We are interested in where in or outside the cell the gene product carries out its function.

We are also interested in the signaling or biochemical pathways in which the gene functions. We are less interested in broad pleiotropic effects, except where these elucidate the precise role.

Include evidence where possible. We are interested in both experimental evidence as well as inference from structure, evolution, or bioinformatic analysis. Precise studies should be prioritized over high-throughput, where available.

Research report: gcvP (UniProt C5AUG0) in Methylorubrum extorquens AM1

0. Target verification (mandatory)

Target identity: UniProt C5AUG0 is annotated as glycine dehydrogenase (decarboxylating), also called glycine cleavage system P-protein / glycine decarboxylase, EC 1.4.4.2, encoded by gcvP in Methylorubrum extorquens strain AM1. This identity matches the canonical bacterial glycine cleavage system (GCS) P-protein described in mechanistic literature (GcvP together with GcvT/GcvH/GcvL). (xu2021standalonelipoylatedhprotein pages 1-5)

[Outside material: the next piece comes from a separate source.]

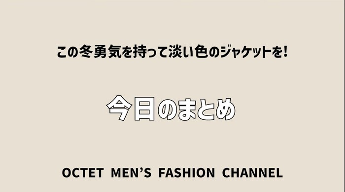ぜひ、重くなりがちな冬のコーディネートも、ビジカジ・スマカジのシーンでは、ライトカラーのジャケットを取り入れて、明るめのコーディネートを楽しんでみましょう!! ということでした。

Ambiguity control: The gene symbol gcvP is used broadly across bacteria; therefore, organism-specific claims are restricted to Methylorubrum extorquens where direct evidence was retrieved. When AM1-specific data were not found in the current corpus, functional statements are explicitly framed as conserved GcvP-family inference supported by mechanistic evidence. (xu2021standalonelipoylatedhprotein pages 1-5, xu2021standalonelipoylatedhprotein pages 5-8)

1. Key concepts and definitions (current understanding)

1.1 Glycine cleavage system (GCS): definition and core chemistry

The glycine cleavage system (GCS) is a multi-enzyme complex comprising four proteins (P, T, H, L) that catalyzes the reversible decarboxylation and deamination of glycine, yielding CO2, NH3, and a one-carbon unit that is transferred to tetrahydrofolate (THF) to form N5,N10-methylene-THF (5,10-CH2-THF). The system is present in many bacteria (cytosol) and in eukaryotes typically in mitochondria; the chemical mechanism and division of labor among P/T/H/L are conserved. (xu2021standalonelipoylatedhprotein pages 1-5)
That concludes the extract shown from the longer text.